→ **What is needed**
Retype all the data word for word.

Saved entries
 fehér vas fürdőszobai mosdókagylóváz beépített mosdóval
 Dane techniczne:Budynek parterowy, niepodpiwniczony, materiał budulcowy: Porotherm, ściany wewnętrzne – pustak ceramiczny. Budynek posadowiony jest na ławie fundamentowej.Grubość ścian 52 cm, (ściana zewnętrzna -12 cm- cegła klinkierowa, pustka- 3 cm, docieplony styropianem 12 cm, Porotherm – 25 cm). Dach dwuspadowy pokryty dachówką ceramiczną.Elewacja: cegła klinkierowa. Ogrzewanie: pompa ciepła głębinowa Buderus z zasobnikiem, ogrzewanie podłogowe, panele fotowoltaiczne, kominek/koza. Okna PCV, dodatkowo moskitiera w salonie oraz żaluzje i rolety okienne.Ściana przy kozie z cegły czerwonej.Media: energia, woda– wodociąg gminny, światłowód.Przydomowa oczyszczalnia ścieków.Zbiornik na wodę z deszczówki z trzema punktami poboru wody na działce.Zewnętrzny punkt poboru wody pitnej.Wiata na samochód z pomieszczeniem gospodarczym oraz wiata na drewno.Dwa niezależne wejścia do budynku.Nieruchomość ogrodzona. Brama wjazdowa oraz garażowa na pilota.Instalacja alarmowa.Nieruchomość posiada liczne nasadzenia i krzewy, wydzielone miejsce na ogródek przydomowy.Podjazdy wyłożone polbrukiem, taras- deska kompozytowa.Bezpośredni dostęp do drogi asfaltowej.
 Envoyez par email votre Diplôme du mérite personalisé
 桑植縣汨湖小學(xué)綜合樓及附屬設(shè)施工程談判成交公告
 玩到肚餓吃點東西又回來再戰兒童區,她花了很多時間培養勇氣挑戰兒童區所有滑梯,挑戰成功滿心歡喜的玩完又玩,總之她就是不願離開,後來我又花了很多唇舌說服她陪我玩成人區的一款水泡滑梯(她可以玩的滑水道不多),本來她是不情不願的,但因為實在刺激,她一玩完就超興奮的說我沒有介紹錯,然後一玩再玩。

→ **Response below**
 fehér vas fürdőszobai mosdókagylóváz beépített mosdóval
 Dane techniczne:Budynek parterowy, niepodpiwniczony, materiał budulcowy: Porotherm, ściany wewnętrzne – pustak ceramiczny. Budynek posadowiony jest na ławie fundamentowej.Grubość ścian 52 cm, (ściana zewnętrzna -12 cm- cegła klinkierowa, pustka- 3 cm, docieplony styropianem 12 cm, Porotherm – 25 cm). Dach dwuspadowy pokryty dachówką ceramiczną.Elewacja: cegła klinkierowa. Ogrzewanie: pompa ciepła głębinowa Buderus z zasobnikiem, ogrzewanie podłogowe, panele fotowoltaiczne, kominek/koza. Okna PCV, dodatkowo moskitiera w salonie oraz żaluzje i rolety okienne.Ściana przy kozie z cegły czerwonej.Media: energia, woda– wodociąg gminny, światłowód.Przydomowa oczyszczalnia ścieków.Zbiornik na wodę z deszczówki z trzema punktami poboru wody na działce.Zewnętrzny punkt poboru wody pitnej.Wiata na samochód z pomieszczeniem gospodarczym oraz wiata na drewno.Dwa niezależne wejścia do budynku.Nieruchomość ogrodzona. Brama wjazdowa oraz garażowa na pilota.Instalacja alarmowa.Nieruchomość posiada liczne nasadzenia i krzewy, wydzielone miejsce na ogródek przydomowy.Podjazdy wyłożone polbrukiem, taras- deska kompozytowa.Bezpośredni dostęp do drogi asfaltowej.
 Envoyez par email votre Diplôme du mérite personalisé
 桑植縣汨湖小學(xué)綜合樓及附屬設(shè)施工程談判成交公告
 玩到肚餓吃點東西又回來再戰兒童區,她花了很多時間培養勇氣挑戰兒童區所有滑梯,挑戰成功滿心歡喜的玩完又玩,總之她就是不願離開,後來我又花了很多唇舌說服她陪我玩成人區的一款水泡滑梯(她可以玩的滑水道不多),本來她是不情不願的,但因為實在刺激,她一玩完就超興奮的說我沒有介紹錯,然後一玩再玩。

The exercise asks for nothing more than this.